I was looking at socks in my local Morrison’s last night. Clearly, I usually spend my Saturday evenings sipping champagne at a succession of sophisticated showbiz parties, before inviting selected members of the Sheffield Hallam University Rugby Team back to my luxury riverside penthouse for a few rounds of naked bed-top wrestling. But champagne and eager, muscular sportsmen can get to be such a drag sometimes, don’t you find? That’s why I chose to spend last night on my own shuffling round a suburban supermarket and looking at socks instead. Er…yeah…when I say ‘chose’…

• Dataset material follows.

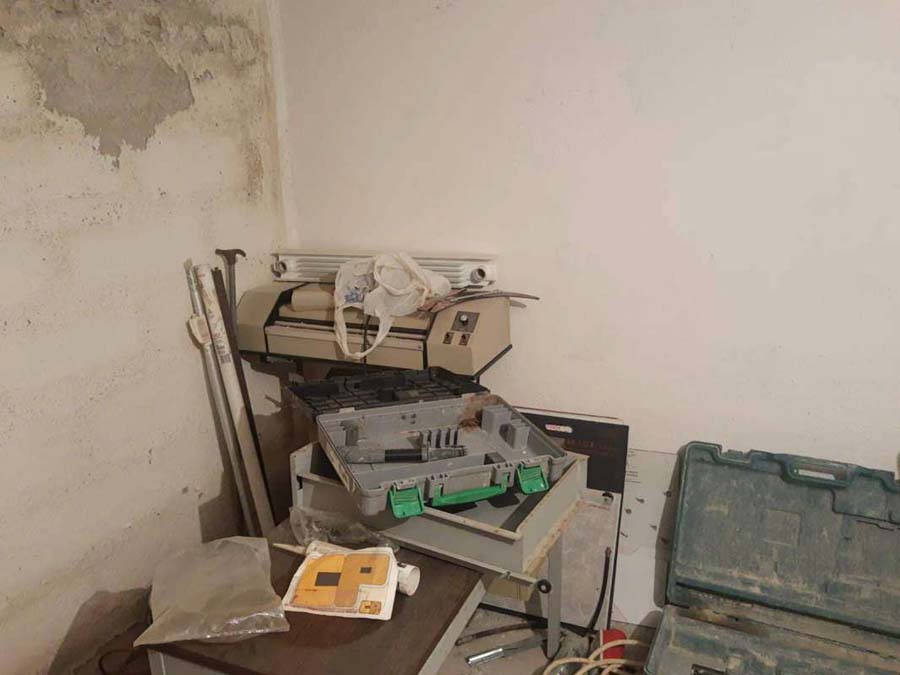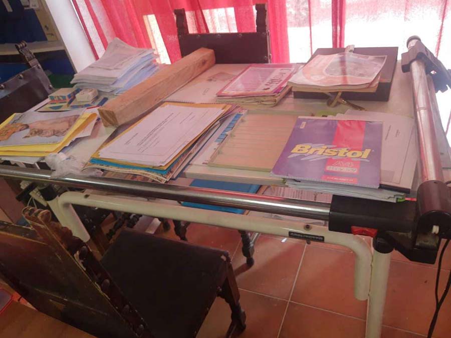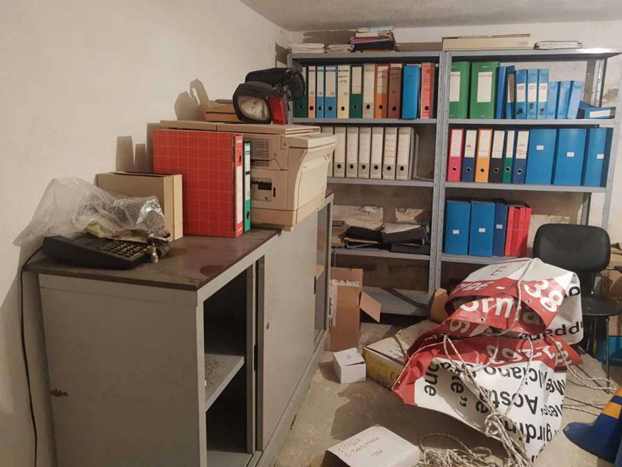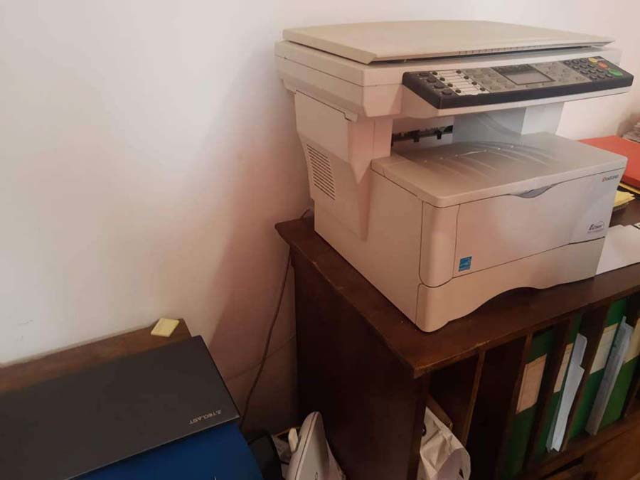 Lotto 1, 2, 3, 4, 5, 7, 8, 9, 11, 12, 13, 14, 15, 16, 17, 18, 19, 20, 21, 22) ARREDO DA UFFICIO composto da: Mobile legno massello tipo “arte povera” dotato di 4 sportelli bassi e porta cartelle superiore, Mobile legno massello tipo “arte povera” dotato di 4 sportelli bassi e porta cartelle superiore, fotocopiatrice KIOCERA mod. FS 1118 MFP, tavolo dattilo in legno massello con cassetto, telefono e fax, PC, scrivania in legno massello due sportelli e cassetto, poltroncina girevole in similpelle nera, divano in pelle bianco a due sedute, divano in tessuto chiaro due sedute, n. 7 poltroncine in pelle e intelaiatura in legno, tavolinetto in legno, libreria in massello 4 ripiani e sportelli, tavolo da disegno tecnico NEOLT mod. GL, libreria in laminato bianco e 2 sportelli, appendiabiti in acciaio cromato base marmo, mobile angolo in legno 5 ripiani, mobile vetrina in alluminio con illuminazione, poltrona girevole similpelle con braccioli, tritadocumenti.

Anyway, there were four varieties of men’s sock. Firstly, and most expensively, there were Fair Trade socks. Fair Trade is a fine and wonderful thing, and if I had the money I would gladly buy nothing else, but a price well in excess of £1 per sock is a little beyond my present means. Next up were designer socks. Frankly, even the idea of designer socks makes me want to go and bang my head repeatedly against a brick wall.
I can just about understand the reasoning behind designer pants. People might want to make sure the present is nicely wrapped, even (especially?) if the item itself is…er…nothing to…ahem…get hung about. As it were. But socks?
In this case the ‘designer’ element was a flash of neon-bright colour on the heel – yes, that’s right, the part of the sock that is inside your shoe, and that no-one ever sees. And yet there are, clearly, men who will happily pay over the odds for what are, so far as anyone other than themselves is concerned, a pair of bog-standard black socks. Do you begin to understand why head banging seems like a good idea?
The next variety of sock was the default, middle-of-the-road option, and came in that weird diamond pattern you only ever see on old-man socks and golfers’ jumpers. In an effort to make them sound more appealing, these socks were described as being ‘Cotton Rich’. You could almost see the product team congratulating themselves on getting the word ‘Rich’ onto the packaging of a product so bland. It was probably their greatest success since managing to describe baked circles of sweetened chalk-dust as Rich Tea Biscuits. Anyway, being the kind of weird, precision-obsessed bastard I am, I found myself wondering how much cotton constituted ‘Cotton Rich’. According to the label, the socks were 78% cotton.
That seemed perfectly reasonable to me, but then I picked up a pack of especially-for-dole-scrounging-chavscum-like-Aethelread Value socks. As a matter of interest, I checked the label, and found that these socks were also fairly rich in cotton. In fact, these were 80% cotton, making them fractionally more cottony than the officially cotton-rich ones that were almost three times the price.
So, that just goes to show, doesn’t it?